**Source information**
____________________

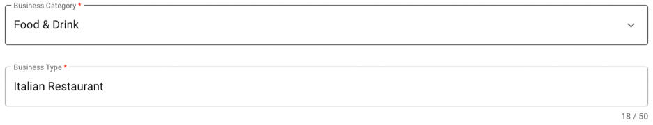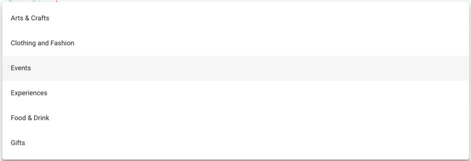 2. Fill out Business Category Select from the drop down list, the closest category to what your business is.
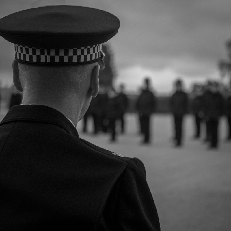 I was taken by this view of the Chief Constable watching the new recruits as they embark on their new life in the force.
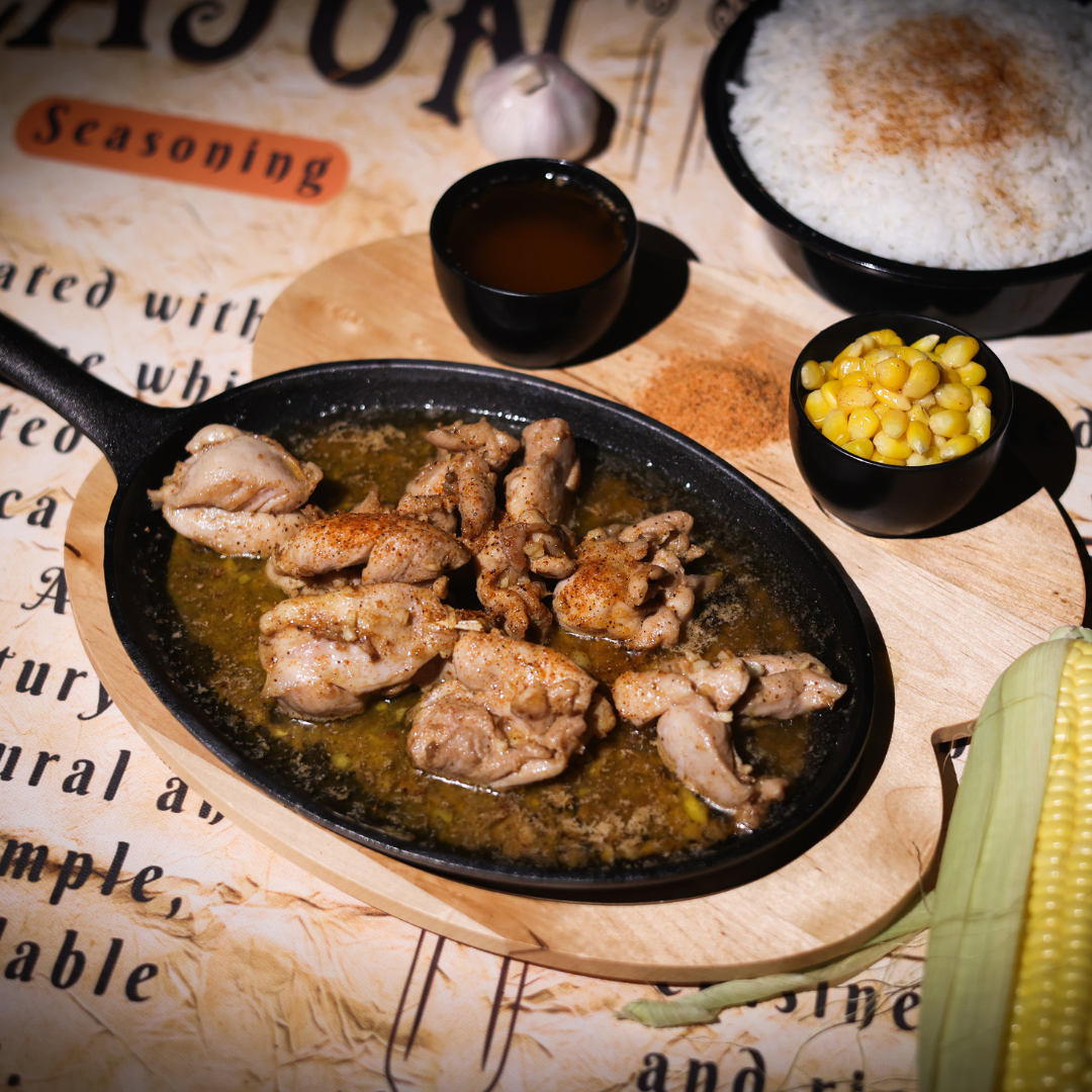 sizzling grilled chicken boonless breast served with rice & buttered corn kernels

____________________

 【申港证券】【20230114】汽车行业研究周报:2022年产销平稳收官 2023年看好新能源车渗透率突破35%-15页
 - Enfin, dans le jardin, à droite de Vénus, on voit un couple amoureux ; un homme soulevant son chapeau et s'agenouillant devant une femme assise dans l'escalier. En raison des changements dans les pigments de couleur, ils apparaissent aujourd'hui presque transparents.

____________________

**What is expected**
Would you output only the span of the records above that opens with the line containing "I was taken" and closes with the line containing "sizzling grilled chicken", ends included and pictures dropped?

**Answer to this task**
 I was taken by this view of the Chief Constable watching the new recruits as they embark on their new life in the force.
 sizzling grilled chicken boonless breast served with rice & buttered corn kernels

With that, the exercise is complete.